В его голосе звучала такая искренняя горечь и стыд, что мои подозрения мгновенно улетучились. Этот человек делал все, что мог.
— Ничего, дед, — сказал Валуев, и в его голосе не было ни капли упрека. — Лабиринт, он и есть лабиринт. Будем искать дальше. Рано или поздно выйдем.
Мы снова двинулись в путь. Напряжение нарастало. Каждый поворот казался знакомым, каждый завал — уже виденным. Я уже почти смирился с мыслью, что мы заблудились в этом подземном царстве навсегда, как вдруг Валуев резко поднял руку.

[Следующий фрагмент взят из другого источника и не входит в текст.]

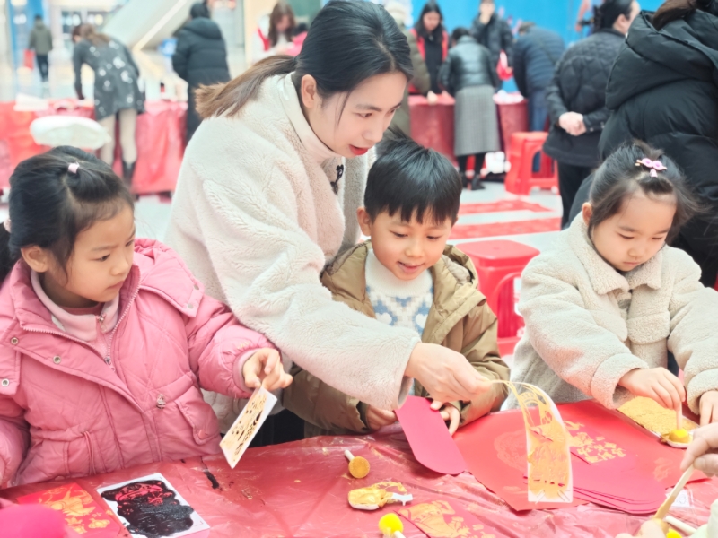 活动现场准备了红纸、毛笔、墨汁等,墨香四溢、暖意融融。活动邀请书法志愿者挥毫泼墨、将对新春的期盼与美好祝愿融入笔墨中。一幅幅寓意吉祥的春联跃然纸上。红色的春联满是新春的喜庆和文化底蕴。春联不仅承载着美好的新春祝福,更拉近了邻里之间的距离。春联,承载着传统民俗的韵味;“福”字,传递着邻里守望的温情。同时,志愿者还准备了手工拓印工具,耐心细致地讲解拓印的流程和注意事项。青少年将拓版轻轻按压在红纸上,再用拓包均匀拍打,生肖拓印逐渐显现轮廓。活动助力青少年在快乐中学习,在传承中成长。居民纷纷表示:“这样的活动很有意义,不仅给我们带来了新春的祝福,还让我们感受到了优秀传统文化的魅力。”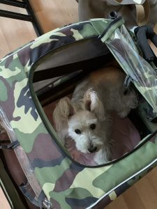 カート じん 2021.07.22 久しぶりに使おうと、カートを組み立てました。 しばらくして見てみたら。 ななが入ってました。(^^;) なんか、一人でぴったりな大きさだね。 ここによく3匹入っていたなぁ。 じんが小さかったから入れたのかな? 今のじんはと言うと。 長いです。(^^;)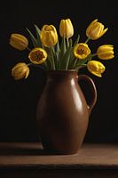Ontdek de serene schoonheid van eenvoud met dit schilderij dat de natuurlijke elegantie van gele tulpen elegant vastlegt. De bloemen zijn meesterlijk gearrangeerd in een klassieke bruine vaas, die een tijdloze aantrekkingskracht biedt. De diepgroene bladeren complementeren het warme geel, terwijl subtiele schaduwen en lichtspel het ontwerp een levensechte diepte geven. Deze afbeelding straalt rust uit en brengt een vleugje verfijnde charme in elke ruimte. Het is een perfecte aanwinst voor diegenen die houden van een ontspannen, natuurlijk palet en eenvoudige, doch prachtige composities in hun interieur.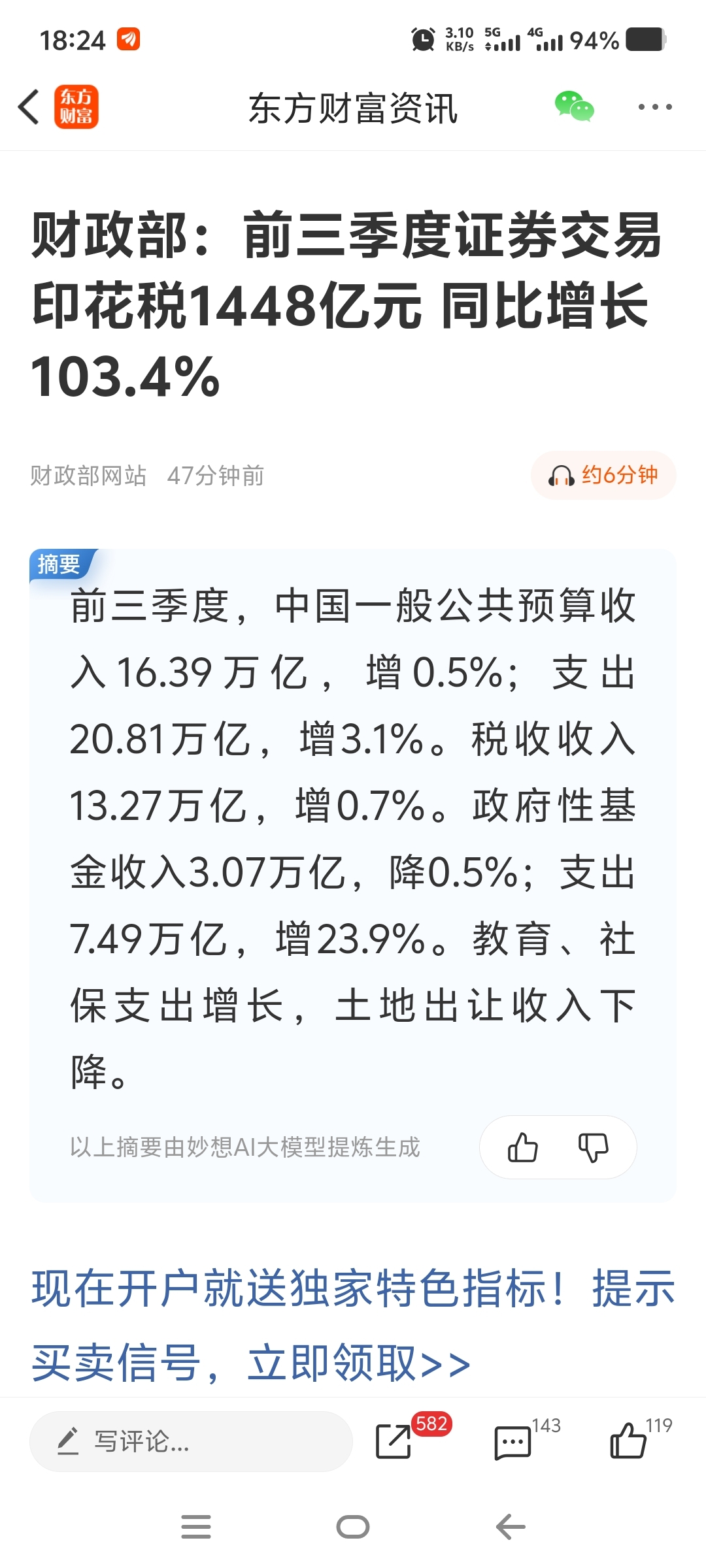 前三季度证券交易印花税1448亿元 同比增长103.%,金融街论坛重磅消息出台,下周券商大涨!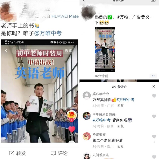 “王老師穿西服好帥啊”“吳老師真像標準的模特”“期待下一場老師T臺秀”……記者發(fā)現(xiàn),該視頻得到了大量點贊轉(zhuǎn)發(fā),幾乎每一位老師都收獲了大量評論和“粉絲”,尤其一位舉著英語資料的男教師,令許多網(wǎng)友驚呼仿佛又要考試了。原來,除了男老師“冷酷”的表情使大家聯(lián)想到自己曾經(jīng)嚴肅的老師外,還因為他手里舉著一本《萬唯中考試題研究》。據(jù)了解,《萬唯中考試題研究》在全國30個省(區(qū)市)的初中校園中廣泛使用,因此當它出現(xiàn)時,不少網(wǎng)友直呼“熟悉”“青春回來了”。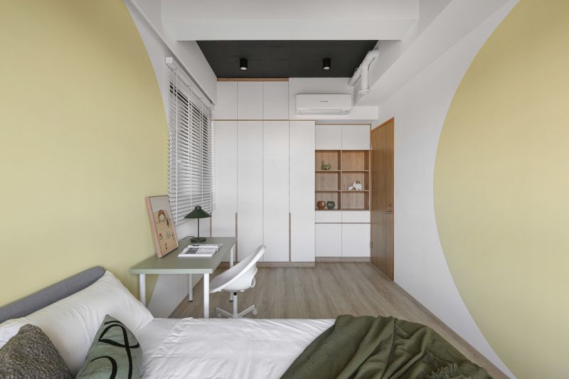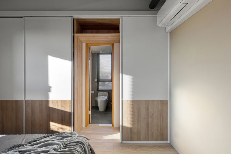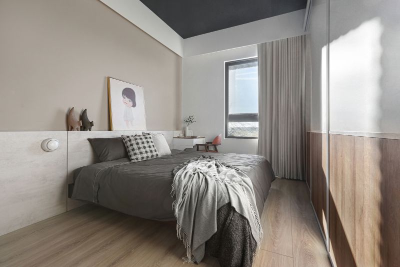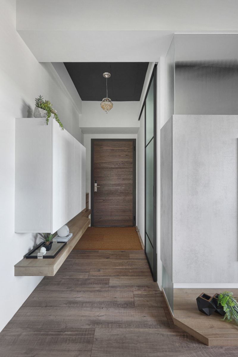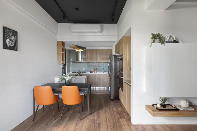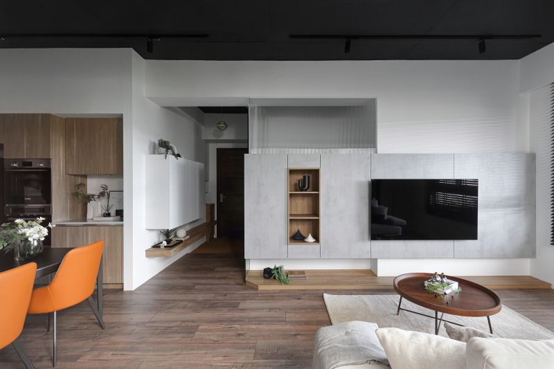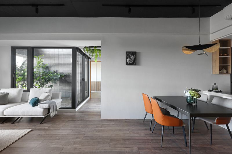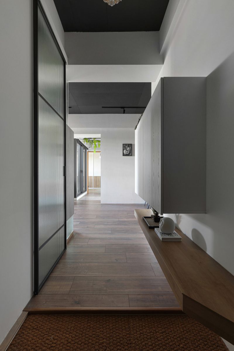 The layout of the site in the downtown area is unique, with its balcony inside and elevated. Like in a forest, the space is decorated with rustic wood grain and an elegant gray tone to highlight the greenery outside. The natural wood is painted with a mottled texture, and the ceiling is kept in its original form and painted black so that the gray is evenly spread in every corner to create a modern and stylish residence.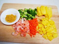 생파인애플 1/2통, 새우살 한 줌, 브로콜리 한 줌, 당근 1/4개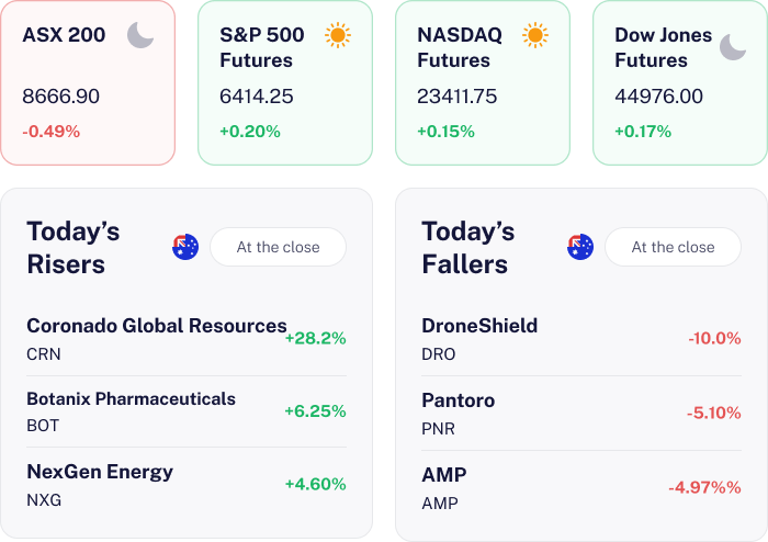 The ASX 200 fell 0.49% today as cautious comments from the Reserve Bank of Australia’s governor led investors to pare back expectations for interest rate cuts this year, weighing on major banks and financials.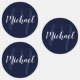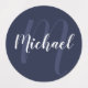 feature personalised name in white modern script font style and monogram in light navy blue modern script font style as background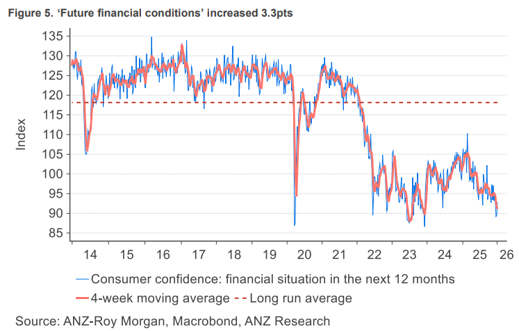 The outlook for the financial situation for households over the next 12 months remains near Covid era lows.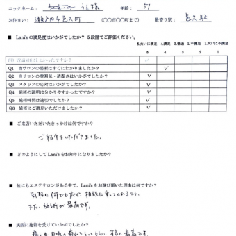 ニックネーム:ひろこ 年齢:30 お住まい:総社市門田 最寄り駅:総社駅 Q1.当サロンの場所はすぐにわかりましたか? ・・・ 普通 Q2.当サロンの雰囲気・清潔さはいかがでしたか? ・・・ 大いに満足 Q3.スタッフの応対はいか...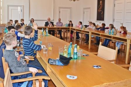 Und nochmal darf der Erste Bürgermeister Herbert Hofauer im Großen Sitzungssaal im Rathaus eine Schulklasse begrüßen. Am 27. Januar 2017 empfing er die Schülerinnen und Schüler der Klasse 4d der Josef-Guggenmos-Grundschule Altötting-Süd mit ihrer Klassenlehrerin Frau Hermann. Herr Ersten Bürgermeister Herbert Hofauer berichtet über die vielfältigen Aufgaben der Stadt und stellt sich im Nachgang den vielen Fragen der wissbegierigen Kinder. Anschließend erhielten Sie eine Führung durch das Altöttinger Rathaus von unserem Abteilungsleiter Rainer Steinbrecher, bei der die einzelnen Abteilungen besucht wurden.

— Стой! — его шепот прозвучал как выстрел.
Мы замерли. Сержант выключил фонарь. Мы последовали его примеру. Абсолютная, беспросветная темнота сомкнулась вокруг. И в этой темноте я увидел, что совсем недалеко, в одном из боковых ответвлений, горел тусклый электрический свет.
Мы без слов, жестами, договорились о дальнейших действиях. Валуев показал на глаза, потом на источник света — наблюдаем. Все кивнули. Мы прижались к стене и стали медленно, бесшумно продвигаться вперед.
Через несколько метров штольня сделала поворот. Осторожно выглянув, мы увидели, что коридору, по которому мы шли, примыкает более широкая и высокая галерея. По ее потолку был проложен электрический кабель, к которому через каждые двадцать метров были подвешены тусклые лампочки, дававшие очень слабый, но вполне реальный свет.
Под лампами стояли штабеля с деревянными ящиками. Я присмотрелся к маркировке — готическим шрифтом там было выведено: «7,92 mm Patronen». Винтовочные патроны.
Мы переглянулись и радостно кивнули друг другу. Похоже, что наш отряд все–таки достиг цели — склада боеприпасов. Осталось только найти место складирования артиллерийских снарядов — для установки взрывного устройства.
Валуев показал жестами: полная тишина, фонари не использовать, двигаться с максимальной осторожностью. Теперь наша жизнь зависела от каждого шага, от каждого случайного звука.
Мы медленно пошли дальше, скользя, как призраки, вдоль стены. Я чувствовал, как бешено колотится сердце, но разум был холоден и ясен. Каждый нерв был натянут до предела. Я достал «Наган» с «Брамитом» и неосознанно проверил «Браунинг» в кармане — он был на предохранителе, готовый к бою.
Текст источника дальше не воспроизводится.